Esta tendência está de mãos dadas com uma tendência histórica para um vínculo cada vez mais estreito entre o estado e os grandes negócios na era imperialista. A separação de poderes e o Estado de Direito não representam uma tendência contraditória a este respeito, mas apenas uma forma de sua aplicação, que se tornou a norma para os países imperialistas ocidentais após a Segunda Guerra Mundial, mas que só foi possível em uma extensão limitada para os países semicoloniais por causa de seu atraso econômico.

Quão estreita essa conexão entre o aparelho formalmente independente e a classe dominante realmente é ilustrada pelo fato de que Dilma e Lula foram julgados por "seus" promotores e juízes. Mesmo que os reformistas possam determinar o pessoal, eles não são "seus" funcionários, mas, em última instância, ainda são da classe dominante.

No Brasil, este aparelho é dominado por um bloco com crescimento histórico do grande capital, da propriedade e uma classe média branca emergentes da sociedade escravista. É historicamente ligado ao imperialismo dos EUA e quer realinhar o país não só economicamente, mas também geo-estrategicamente. Mas, e este é o dilema da classe dominante, está em uma crise profunda, mesmo após o golpe de estado.

Apesar do monopólio da mídia, da agitação e da repressão, Lula está adiante nas pesquisas para as eleições presidenciais em 2018. Embora as mobilizações do movimento contra o golpe de Estado fossem significativamente mais fracas, as esperanças das massas se concentram nas eleições de Lula. As suas reuniões são acompanhadas por dezenas de milhares. Nas pesquisas eleitorais, seu apoio é de cerca de 35%, e nos estados do nordeste do país, que têm uma proporção muito maior de pobres, o apoio a Lula atinge 70%.

Os partidos burgueses tradicionais não têm oponente credível. Eles estão se separando ou, como o presidente Temer, são tão impopulares que não têm chance de chegar até 10%.

Ao mesmo tempo, as forças reacionárias estão se tornando mais radicais à extrema direita, com Jair Bolsonaro. O líder do "Partido Social Cristão" está com cerca de 17% nas pesquisas eleitorais e, portanto, à frente de todos os candidatos burgueses "respeitáveis". Ele não apenas defende francamente a ditadura militar, mas também pede abertamente que se estabeleça uma nova ditadura militar. Ao mesmo tempo, ele também está na vanguarda do Movimento Brasil Livre (MBL), radical, sexista, homofóbico e racista, cujos partidários são compostos por latifundiários, fascistas e cristãos evangélicos. Essas forças não só agitam-se por objetivos extremamente reacionários, seus membros além de atacarem, também matam, transexuais, homossexuais, afro-brasileiros e membros de minorias religiosas.

Tudo isso aponta para um agravamento da situação em que as eleições presidenciais de 2018 terão lugar. O PT se baseia no cartão "Lula" e em uma estratégia puramente eleitoral. Também está trabalhando em uma possível coalizão com aliados burgueses, mesmo que sejam difíceis de encontrar. Não há dúvida de que milhões de trabalhadores também esperam Lula e o PT e que ele possa reverter as contra-reformas de Temer.

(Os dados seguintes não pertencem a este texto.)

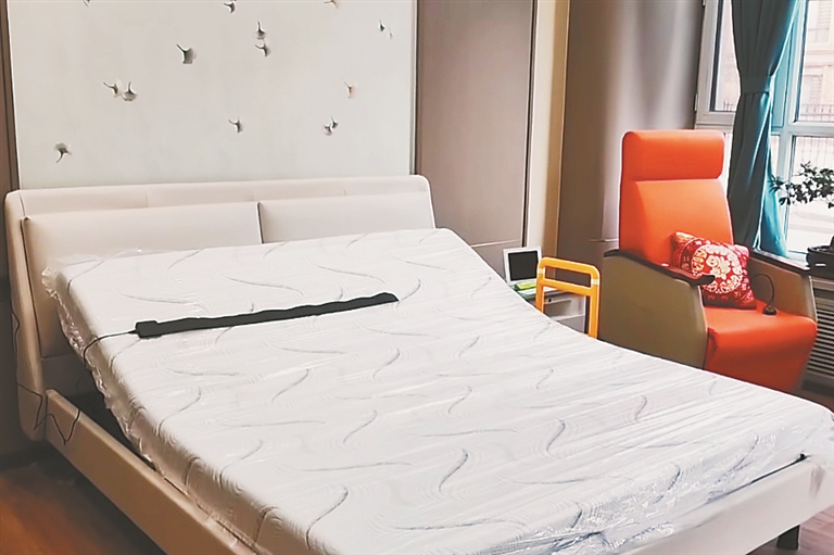 记者看到,洗漱台常规固定的台面,被做成了可升降式。只需按下启动键,老人可将台面调整至自己舒适的高度,坐着轮椅也能轻松洗漱。电动起卧床更是采用全自动电动升降模式,通过电动遥控按钮就能让卧床老人轻松自主升降,为老人提供舒适的睡眠角度和姿态,有效减轻护理者工作量。床边扶手让老人轻松起床不费力,保护老人腰部,防止老人因起床晕眩而不慎跌倒。
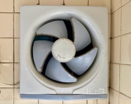 プロペラファンは、扇風機のような羽根が回転するシンプルな構造で、パワフルに空気を吸い込んで屋外へ排気します。

Mas a falha fatal está na estratégia do PT. Mesmo que Lula vença, o que o PT faria para evitar uma ofensiva renovada da elite ou até mesmo um golpe militar? Como controlará o aparato estatal burocrático? Como o poder do aparato estatal pode ser quebrado? Por que, dada a experiência de 13 anos de governo de coalizão liderado pelo PT, isso seria possível depois de uma vitória eleitoral em 2018?

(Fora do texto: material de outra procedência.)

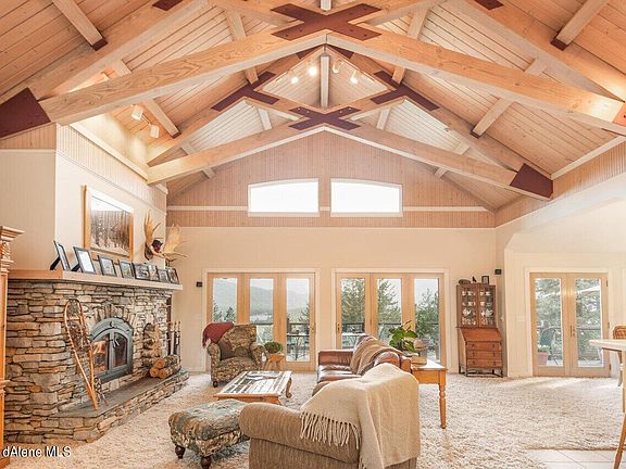 70 N. Falcon Dr, is privately and conveniently located near the shores of Lake Pend Oreille, Schweitzer Mountain Ski Resort, and one of the West's Best Small Towns... Sandpoint Idaho! You'll enjoy the serenity as you travel from Hwy 95 on paved and tree-lined roads, primarily county maintained on a school bus route. This Custom Designed Contemporary Mountain Style 3800 sq ft home (total structured area 5471' including carport) boasts a generous, well appointed Master Suite on the main level, 3 private bedrooms, 3 and a half bathrooms and an Imported Finnish Sauna. The parked 4+ acres features a Fire circle and a detached 2+ car garage and carport - ample parking. The visual emphasis of the home is the massive stone fireplace wall, and a lofted beamed ceiling. TRULY EXCEPTIONAL VIEWS!

Enquanto Dilma e o PT não têm uma resposta a essas questões, a classe trabalhadora brasileira não pode confiar no princípio da esperança. Apesar de toda a solidariedade com Dilma e Lula contra os ataques do golpe de estado, o que é necessário é uma ruptura política com a estratégia do PT e a construção de um novo partido operário que não queira ser o melhor administrador do capitalismo, mas derrubá-lo.